Toni was walking through the wild CIn parking lot, dodging beasts and trying to find where he parked his car when he stumbled upon a formidable object: a stick of exact integer length $$$n$$$.

Like any good problem-solver, Toni's mind immediately thought of a "gambiarra" (a makeshift solution). He needs to build a support base for his new hardware project. For the base to be stable, he needs to form a perfect triangle using pieces of this stick.

However, Toni is exhausted after a coding marathon. He decides to cut the stick at two distinct points, chosen completely at random.
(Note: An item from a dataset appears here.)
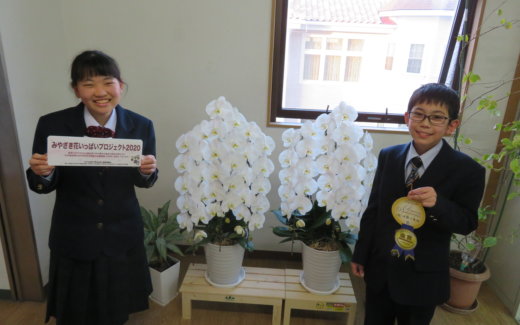 今日、学校に「みやざき花いっぱいプロジェクト2020」の取組みで胡蝶蘭が届きました!「お家deお花見」というコンセプトのもと実施されている取り組みのようです。 事務室前と中学棟2階に飾られています。学校が華やかになり

He only has energy for these two cuts.

Your mission is to calculate the chances of Toni's plan working, so he knows whether or not to give up and go grab a coffee.

Formally, we have a line segment of length $$$n$$$. The set of possible cut points consists of the internal integer coordinates $$$\{1, 2, \dots, n-1\}$$$.

Toni chooses two distinct cut points from this set, uniformly at random. This divides the original stick into three pieces with positive integer lengths $$$a$$$, $$$b$$$, and $$$c$$$ (such that $$$a+b+c = n$$$).

What is the probability that these three resulting pieces ($$$a, b, c$$$) can form a non-degenerate triangle (i.e., a triangle with an area greater than zero)?

Since the answer can be an irreducible fraction $$$\frac{p}{q}$$$, you must print the value of $$$p \cdot q^{-1} \pmod{10^9 + 7}$$$, where $$$q^{-1}$$$ is the modular inverse of $$$q$$$ modulo $$$10^9 + 7$$$.